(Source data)
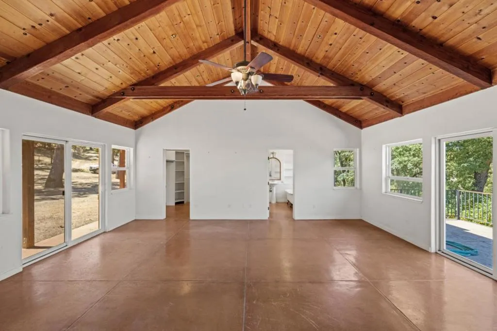 This fantastic must see home with guest facility on 25 view acres is perfect for entertaining and includes a 4 stahl plus barn with numerous corrals. The main house has a 1,200 square foot living room, dining room, kitchen, wet bar and view deck combination. Excellent for family get togethers and social events. The separate unit has a private entrance, bedroom, bathroom, open kitchen/living room with outstanding views. This property is a very special beautiful private place with unbelievable views of the surrounding mountains. Laurel Springs is a shared private road. Quality home and horse facility located in some of the prettiest country in the county. This house has been coated with concrete stucco for fire resistance. The land surrounding the house and all other structures have been maintained according to the requirements by Californias Fire Laws for a defensible barrier.
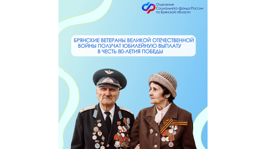Отделение Социального фонда России по Брянской области направит участникам и инвалидам Великой Отечественной войны юбилейную выплату. Ранее соответствующий указ в связи с 80-й годовщиной Победы подписал президент Владимир Путин. По 80 тысяч рублей Отделение СФР по Брянской области направит: По 55 тысяч рублей получат труженики тыла и бывшие совершеннолетние узники фашизма. Кроме того, ежегодно Соцфонд выплачивает участникам и инвалидам Великой Отечественной войны по 10 тысяч рублей ко Дню Победы. – Юбилейная выплата поступит дополнительно к обычной ежегодной выплате. Через отделения почтовой связи выплата будет осуществлена в соответствии с графиком доставки с 3 по 19 апреля. Для получателей пенсии через банки – 10 апреля, – уточнили в СФР. Обращаться с заявлением для получения средств не нужно – выплату назначат автоматически. Брянские ветераны получат юбилейную выплату в честь 80-летия Победы
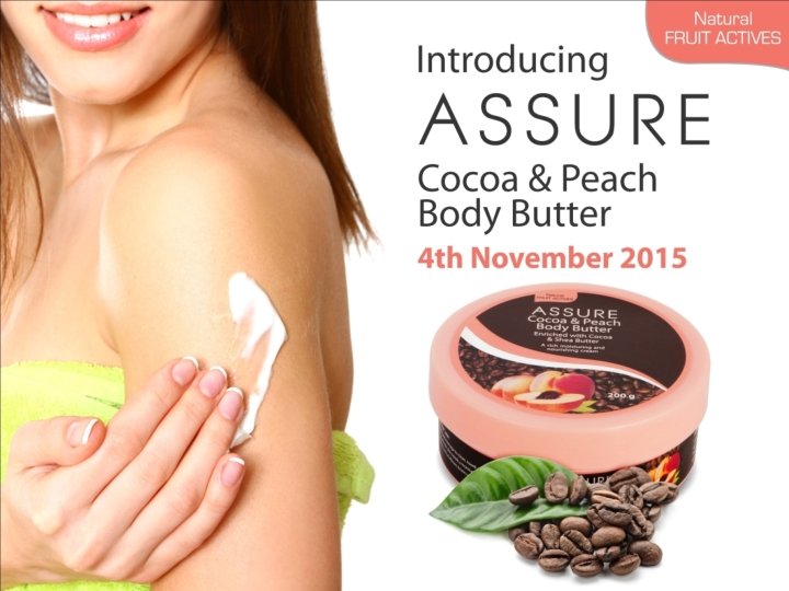 Assure Cocoa and Peach Body Butter Enriched with Cocoa and Shea Butter Why do we need to use a Body Butter? • There are many areas in our body that remain extremely dry at all times – like elbows, knees, neck area, cuticles of hands and feet and others • These areas need a moisture boost of rich moisturising agents like body butters • Body Butter is a unique combination of rich moisturising butters and essential oils that deeply hydrates the skin for long time The Product Rich butter cream whipped to provide lighter and easier application, melts into the skin providing long lasting moisturisation without leaving greasy residue.
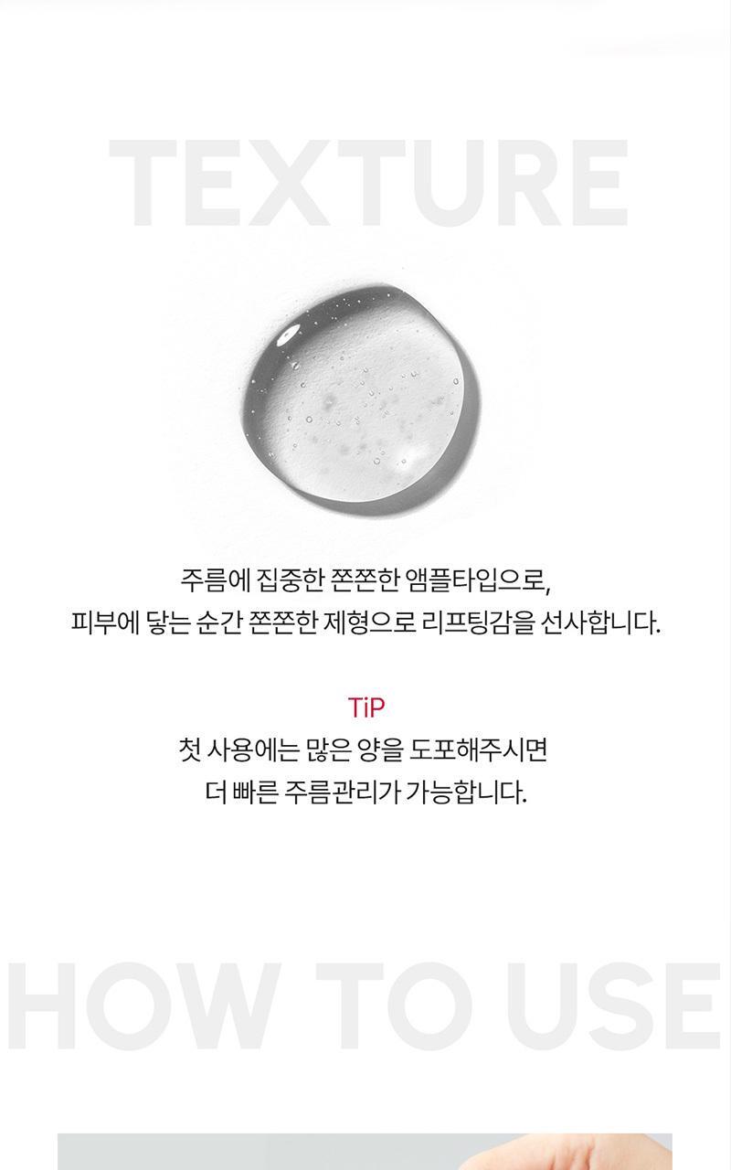 - Apply: After cleansing your face in the morning and evening, apply the ampoule to areas needing wrinkle improvement, following the toner/skin care step.
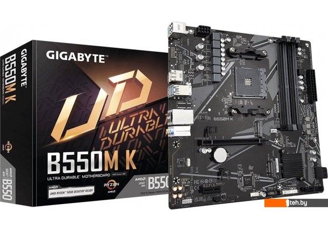 Фотографии, описание и технические характеристики модели материнской платы для компьютера Gigabyte B550M K (rev. 1.0) взяты из открытых источников, официального сайта производителя или представительства Gigabyte в Республике Беларусь.
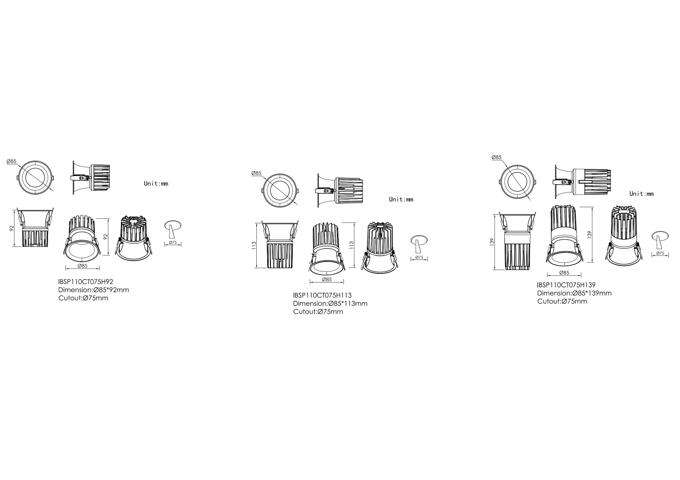 IBSP110CT075H13925WØ85mm×H139mmØ75mmReflector 15°| 24°|38°|45°|60°(Fixed)

=== Instructions for the task ===
Return the records above verbatim, leaving out images.

=== Response to the task ===
 This fantastic must see home with guest facility on 25 view acres is perfect for entertaining and includes a 4 stahl plus barn with numerous corrals. The main house has a 1,200 square foot living room, dining room, kitchen, wet bar and view deck combination. Excellent for family get togethers and social events. The separate unit has a private entrance, bedroom, bathroom, open kitchen/living room with outstanding views. This property is a very special beautiful private place with unbelievable views of the surrounding mountains. Laurel Springs is a shared private road. Quality home and horse facility located in some of the prettiest country in the county. This house has been coated with concrete stucco for fire resistance. The land surrounding the house and all other structures have been maintained according to the requirements by Californias Fire Laws for a defensible barrier.
Отделение Социального фонда России по Брянской области направит участникам и инвалидам Великой Отечественной войны юбилейную выплату. Ранее соответствующий указ в связи с 80-й годовщиной Победы подписал президент Владимир Путин. По 80 тысяч рублей Отделение СФР по Брянской области направит: По 55 тысяч рублей получат труженики тыла и бывшие совершеннолетние узники фашизма. Кроме того, ежегодно Соцфонд выплачивает участникам и инвалидам Великой Отечественной войны по 10 тысяч рублей ко Дню Победы. – Юбилейная выплата поступит дополнительно к обычной ежегодной выплате. Через отделения почтовой связи выплата будет осуществлена в соответствии с графиком доставки с 3 по 19 апреля. Для получателей пенсии через банки – 10 апреля, – уточнили в СФР. Обращаться с заявлением для получения средств не нужно – выплату назначат автоматически. Брянские ветераны получат юбилейную выплату в честь 80-летия Победы
 Assure Cocoa and Peach Body Butter Enriched with Cocoa and Shea Butter Why do we need to use a Body Butter? • There are many areas in our body that remain extremely dry at all times – like elbows, knees, neck area, cuticles of hands and feet and others • These areas need a moisture boost of rich moisturising agents like body butters • Body Butter is a unique combination of rich moisturising butters and essential oils that deeply hydrates the skin for long time The Product Rich butter cream whipped to provide lighter and easier application, melts into the skin providing long lasting moisturisation without leaving greasy residue.
 - Apply: After cleansing your face in the morning and evening, apply the ampoule to areas needing wrinkle improvement, following the toner/skin care step.
 Фотографии, описание и технические характеристики модели материнской платы для компьютера Gigabyte B550M K (rev. 1.0) взяты из открытых источников, официального сайта производителя или представительства Gigabyte в Республике Беларусь.
 IBSP110CT075H13925WØ85mm×H139mmØ75mmReflector 15°| 24°|38°|45°|60°(Fixed)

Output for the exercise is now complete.